Tsygankov’s ambitious study of Russian foreign policy seeks to explain and assess three patterns in Russia's relations with the West that reappear throughout Russian history—cooperation, defensiveness, and assertiveness. Following Reus-Smit, Tsygankov argues that states have a moral purpose that drives their behavior, best captured by the concept of honor. 1

Russia’s honor has “two essential dimensions—European and local” (5). Tsygankov is interested in correcting Western perceptions of Russia as anti-Western. He focuses on Russia’s “honor as loyalty to the West,” or “Europeanness,” as the motive for cooperation (40). The “local” element is the stumbling block to cooperation; it consists of what makes Russians feel distinctive—allegiance to Slavs and Orthodox Christians during the nineteenth century, to communist regimes during the next century, and presently to Slavs in the post-communist Balkans and Russian speakers in the former Soviet Union, as well as a commitment to statism and great power status.

According to Tsygankov, “Russia may only act on its Europeanness [that is, cooperate with the West] when the West does not principally challenge the distinctive aspects of Russia’s honor” (5). Russia’s efforts to cooperate with the West in his book are the Holy Alliance (1815–1853), the Triple Entente (1907–1917), Soviet Foreign Minister Litvinov’s collective security policy from 1933 to 1939, and the War on Terror (2001–2005). Tsygankov argues that Russo-Western cooperation can be successful only when the West recognizes and respects Russia’s special obligations to protect the “local” component of its honor. Otherwise, domestic proponents of cooperating with the West either fail in [End Page 266] steering state policy or change their minds about the wisdom of cooperation.

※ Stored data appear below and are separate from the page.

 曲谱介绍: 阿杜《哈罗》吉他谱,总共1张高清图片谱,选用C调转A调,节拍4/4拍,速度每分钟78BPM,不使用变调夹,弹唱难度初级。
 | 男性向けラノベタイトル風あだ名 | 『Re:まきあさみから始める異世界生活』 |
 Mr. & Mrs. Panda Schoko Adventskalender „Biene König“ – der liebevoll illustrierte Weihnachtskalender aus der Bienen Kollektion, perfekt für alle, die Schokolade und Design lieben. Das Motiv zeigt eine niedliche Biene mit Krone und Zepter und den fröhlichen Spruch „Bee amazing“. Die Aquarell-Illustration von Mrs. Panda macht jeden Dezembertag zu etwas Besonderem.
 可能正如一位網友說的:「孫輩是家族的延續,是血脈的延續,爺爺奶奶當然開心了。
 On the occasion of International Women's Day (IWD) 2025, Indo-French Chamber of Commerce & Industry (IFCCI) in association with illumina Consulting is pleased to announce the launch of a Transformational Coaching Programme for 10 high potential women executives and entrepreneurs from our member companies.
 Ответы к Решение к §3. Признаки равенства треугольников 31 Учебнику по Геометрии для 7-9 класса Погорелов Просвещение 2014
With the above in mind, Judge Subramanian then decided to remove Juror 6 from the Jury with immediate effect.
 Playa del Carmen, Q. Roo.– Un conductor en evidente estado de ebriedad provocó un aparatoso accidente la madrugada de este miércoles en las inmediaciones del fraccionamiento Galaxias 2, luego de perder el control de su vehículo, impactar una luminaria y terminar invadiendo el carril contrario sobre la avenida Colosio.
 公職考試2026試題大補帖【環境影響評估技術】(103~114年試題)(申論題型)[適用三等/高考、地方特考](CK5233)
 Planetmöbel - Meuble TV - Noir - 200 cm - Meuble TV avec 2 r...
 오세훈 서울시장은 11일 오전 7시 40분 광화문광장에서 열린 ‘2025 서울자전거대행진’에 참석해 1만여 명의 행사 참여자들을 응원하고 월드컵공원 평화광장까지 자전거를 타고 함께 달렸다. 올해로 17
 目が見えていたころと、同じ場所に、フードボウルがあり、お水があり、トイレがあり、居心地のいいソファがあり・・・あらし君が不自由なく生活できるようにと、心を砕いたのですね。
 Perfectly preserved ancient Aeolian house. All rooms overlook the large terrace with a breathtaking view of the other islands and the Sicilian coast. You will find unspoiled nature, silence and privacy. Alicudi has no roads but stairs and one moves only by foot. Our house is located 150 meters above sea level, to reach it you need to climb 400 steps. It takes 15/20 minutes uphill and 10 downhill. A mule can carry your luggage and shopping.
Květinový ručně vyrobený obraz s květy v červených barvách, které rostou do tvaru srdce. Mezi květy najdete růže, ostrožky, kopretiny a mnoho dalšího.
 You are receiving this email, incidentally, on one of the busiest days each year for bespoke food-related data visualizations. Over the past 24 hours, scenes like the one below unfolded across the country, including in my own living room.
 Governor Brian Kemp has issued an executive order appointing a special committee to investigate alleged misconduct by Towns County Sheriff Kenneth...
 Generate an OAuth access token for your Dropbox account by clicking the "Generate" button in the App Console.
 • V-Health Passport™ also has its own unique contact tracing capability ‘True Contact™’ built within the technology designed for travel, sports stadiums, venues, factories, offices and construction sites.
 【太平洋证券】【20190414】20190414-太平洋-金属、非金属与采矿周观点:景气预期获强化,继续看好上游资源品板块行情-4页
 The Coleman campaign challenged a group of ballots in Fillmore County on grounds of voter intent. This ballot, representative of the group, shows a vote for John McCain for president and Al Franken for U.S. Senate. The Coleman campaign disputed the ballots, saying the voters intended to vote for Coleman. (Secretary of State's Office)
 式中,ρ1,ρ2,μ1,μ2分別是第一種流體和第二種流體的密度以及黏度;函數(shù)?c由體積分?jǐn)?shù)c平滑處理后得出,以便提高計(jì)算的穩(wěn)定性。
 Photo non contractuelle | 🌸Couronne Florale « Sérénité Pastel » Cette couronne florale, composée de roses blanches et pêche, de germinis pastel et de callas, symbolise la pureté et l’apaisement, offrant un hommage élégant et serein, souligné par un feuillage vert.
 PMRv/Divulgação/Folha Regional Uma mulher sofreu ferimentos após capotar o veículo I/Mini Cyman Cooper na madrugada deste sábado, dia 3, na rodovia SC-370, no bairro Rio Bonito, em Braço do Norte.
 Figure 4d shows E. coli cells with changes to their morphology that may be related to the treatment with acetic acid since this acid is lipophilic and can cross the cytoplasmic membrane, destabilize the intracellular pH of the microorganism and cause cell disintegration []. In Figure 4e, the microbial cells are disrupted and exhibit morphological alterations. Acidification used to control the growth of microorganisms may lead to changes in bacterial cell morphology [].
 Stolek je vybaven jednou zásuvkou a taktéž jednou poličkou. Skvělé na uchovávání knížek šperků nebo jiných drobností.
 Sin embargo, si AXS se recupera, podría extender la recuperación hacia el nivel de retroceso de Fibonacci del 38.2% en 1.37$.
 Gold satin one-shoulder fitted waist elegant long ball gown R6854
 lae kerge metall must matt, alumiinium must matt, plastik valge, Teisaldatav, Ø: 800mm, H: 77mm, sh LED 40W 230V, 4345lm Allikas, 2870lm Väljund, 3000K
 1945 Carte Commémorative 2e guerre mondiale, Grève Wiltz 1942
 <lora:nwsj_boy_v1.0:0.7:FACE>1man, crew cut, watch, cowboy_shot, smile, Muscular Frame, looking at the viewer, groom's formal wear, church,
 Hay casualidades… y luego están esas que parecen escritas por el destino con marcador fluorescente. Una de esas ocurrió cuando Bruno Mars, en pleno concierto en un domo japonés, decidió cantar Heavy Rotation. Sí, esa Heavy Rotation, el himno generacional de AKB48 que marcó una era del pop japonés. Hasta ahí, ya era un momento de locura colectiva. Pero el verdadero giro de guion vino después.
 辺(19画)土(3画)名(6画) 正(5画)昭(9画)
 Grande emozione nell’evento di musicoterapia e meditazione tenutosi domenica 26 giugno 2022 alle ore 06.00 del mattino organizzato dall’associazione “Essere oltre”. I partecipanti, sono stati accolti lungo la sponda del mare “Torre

The foreign-policy choice between defensiveness and assertiveness is a function of “internal confidence,” which translates into domestic perceptions of Russia’s material capabilities. Defensiveness occurs after foreign-policy setbacks and the West’s refusal to recognize Russia’s honor obligations. Tsygankov presents as cases of defensiveness Alexander Gorchakov’s policy of recuillement after defeat in the Crimean War, the Soviet policy of peaceful coexistence with the West from 1921 to 1939 after the Bolshevik Revolution and World War I, and Yevgenii Primakov’s policy of containing NATO expansion from 1995 to 2000. Russia's assertiveness is demonstrated by the promotion of Russia’s non-Western values during the Crimean War, the early Cold War (1946– 1949), and the 2008 Russo-Georgian War, all of which occurred when the West disregarded Russia’s honor and Russia was confident enough in its strength to advance its own ends.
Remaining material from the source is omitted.